L’INSERM estime à au moins 700 000 le nombre de décès causés chaque année par des maladies pharmacorésistantes. Ce chiffre s’élèverait à 230 000 rien que pour la tuberculose multirésistante.
La résistance aux antimicrobiens est un défi mondial majeur
Dans un rapport de 2019, alors que les premiers effets économiques et sanitaires de l’inefficacité croissante des médicaments se faisaient déjà sentir, les principales organisations internationales proposaient une série de mesures visant à inverser cette tendance. Selon Amina Mohammed, vice-secrétaire générale de l’ONU, l’enjeu est bien de « protéger un siècle de progrès dans le domaine de la santé ».
C’est un fait : un nombre croissant de souches bactériennes arrive à échapper aux traitements antibiotiques actuels, par exemple en se cachant à l’intérieur des cellules. C’est notamment le cas des staphylocoques multirésistants (SARM), des agents pathogènes capables de provoquer des pneumonies mortelles ou un empoisonnement du sang.
Face à une situation qui ne cesse de s’aggraver, il est donc urgent de trouver des solutions alternatives. C’est tout l’enjeu des travaux en cours à l’EMPA et l’ETH Zurich.
Les nanoparticules, des armes pour un combat de l’infiniment petit
La solution étudiée par l’équipe de chercheurs suisse consiste à exploiter la capacité des nanoparticules à pénétrer à l’intérieur des cellules du corps, ce que ne peuvent pas faire les antibiotiques classiques, à cause de la faible perméabilité membranaire.
Une publication récente dans le journal Nanoscale démontre l’effet antibactérien sur des cellules de mammifères de ces nanoparticules oxydes métalliques hybrides inorganiques. Différentes compositions ont été étudiées, principalement à base :
- de verre bioactif, mélange de SiO2, CaO, Na2O et P2O5, un matériau reconnu pour ses propriétés antimicrobiennes lorsqu’il est sous forme nanoparticulaire, mais qui possède également des propriétés régénératrices ;
- d’oxyde de cérium, un matériau antibactérien moins toxique que l’argent.

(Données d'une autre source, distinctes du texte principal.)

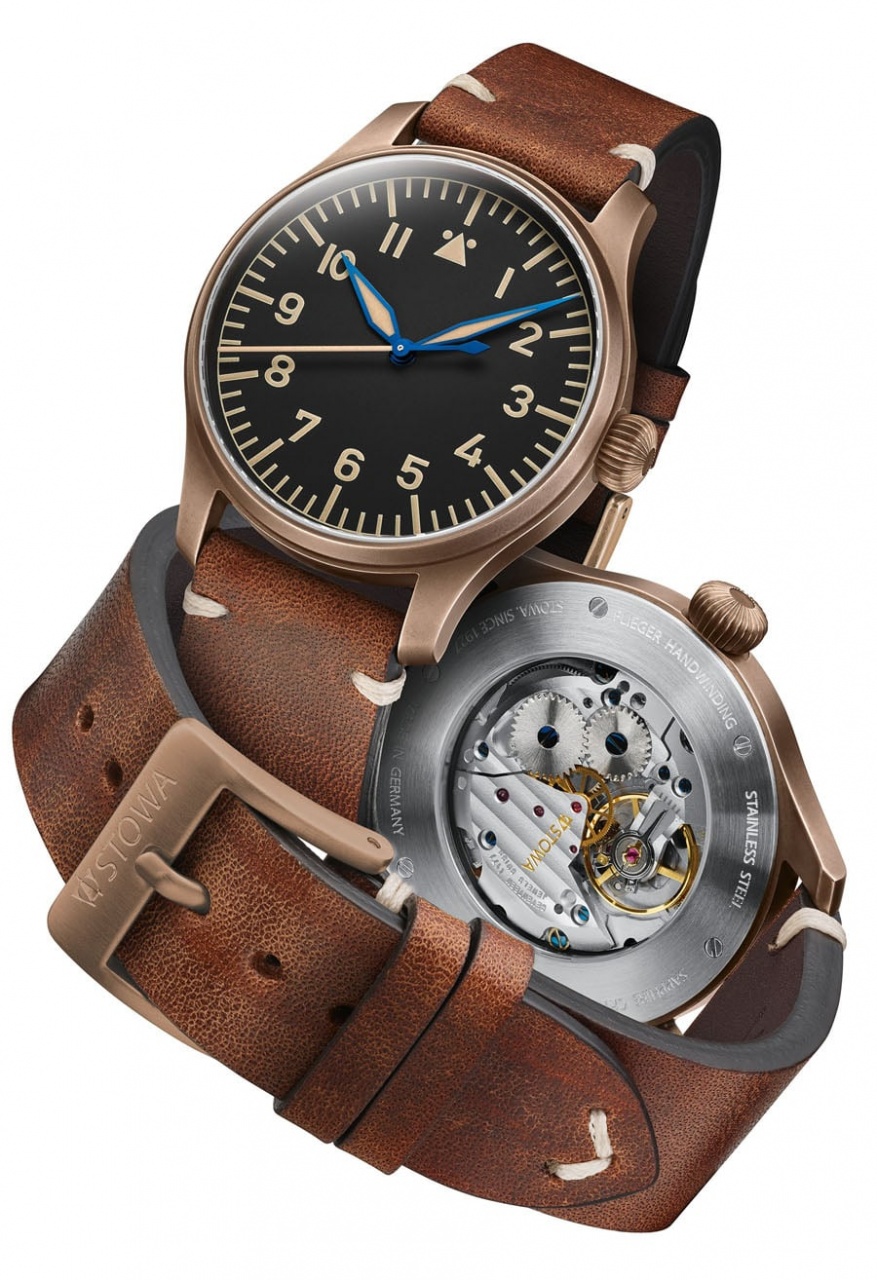 Новая модель Flieger Bronze Vintage от немецкой часовой компании Stowa имеет круглый корпус, изготовленный из искусственно состаренной бронзы, диаметром 40,0 мм, толщиной 9,2 мм. Крупная рифленая завинчивающаяся заводная головка расположена на 3 часах. Сапфировое стекло установлено на передней стороне часового корпуса и на его завинчивающейся задней крышке, выполненной из нержавеющей стали. Матово-черный циферблат с арабскими цифрами и маркерами, покрытыми, как и вороненые стрелки, люминесцентным составом винтажного бежевого цвета.
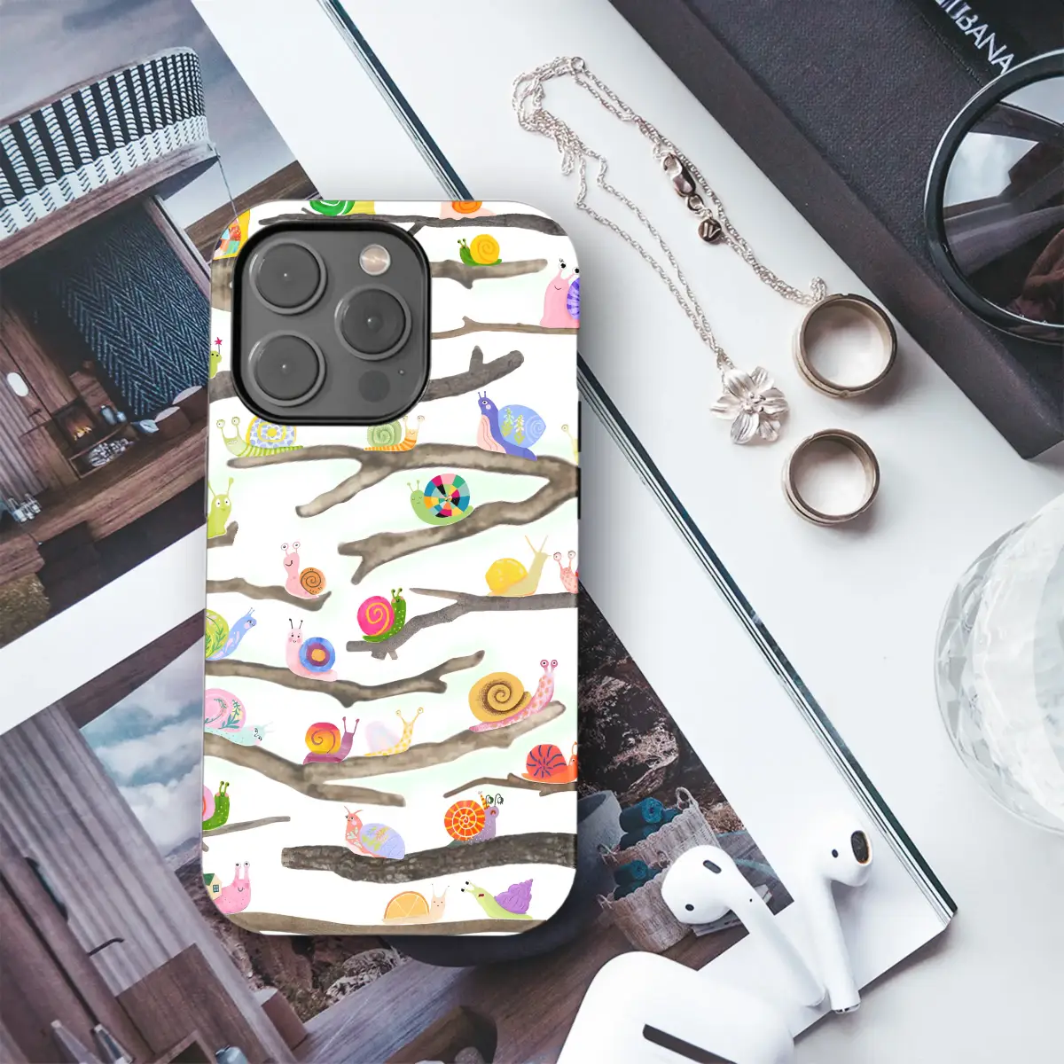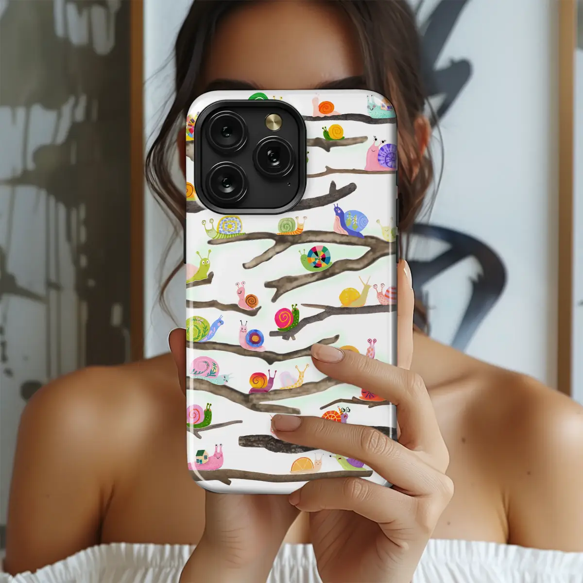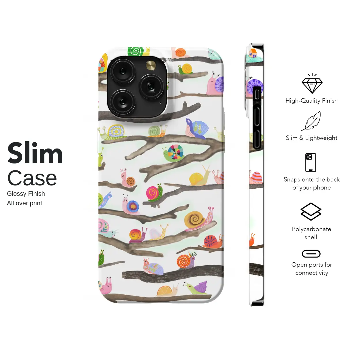 Colorful Snail Pattern Whimsical Garden Illustration Phone Case Cover for iPhone 17 Pro Max 16 15 13 Samsung S26 S25 Pixel 9904
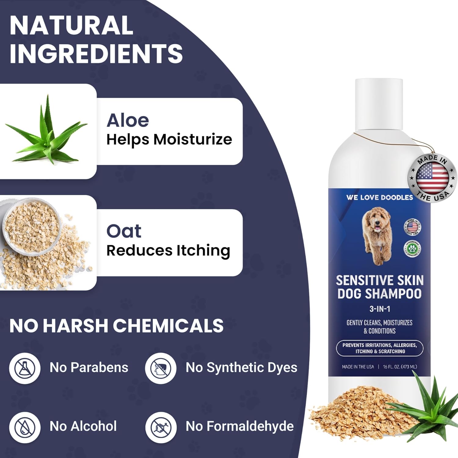 Premium 3-in-1 Sensitive Skin Dog Shampoo, Great for Allergies, Itching, Scratching, Anti-Itch Shampoo for Dogs with Oatmeal & Aloe, Made in USA, Natural Ingredients, 16 oz [We Love Doodles]

L’efficacité de ces particules hybrides a ensuite été mise en évidence par microscopie électronique à transmission (MET) et par mapping EDS. Il a ainsi été démontré que ces nanoparticules étaient capables de dissoudre les bactéries contenues dans les cellules.
Une action ciblée et durable
Si le mécanisme d’action de ces nanoparticules n’est pas encore clair, les chercheurs supposent que celles-ci agissent sur la membrane cellulaire des bactéries en produisant des composés oxygénés réactifs. De plus, comme les membranes des cellules humaines sont construites différemment, ces nanoparticules demeurent peu toxiques pour le corps humain.
Par ailleurs, ces nanoparticules semblent avoir un effet sur le long terme. Dans un communiqué de presse, le chercheur de l’Empa Tino Matter, affirme que « les particules de cérium se régénèrent avec le temps, de sorte que l’effet oxydatif des nanoparticules sur les bactéries peut recommencer. »
Cette technologie brevetée doit maintenant être étudiée plus en détail dans le but d’optimiser la structure et la composition des substances actives.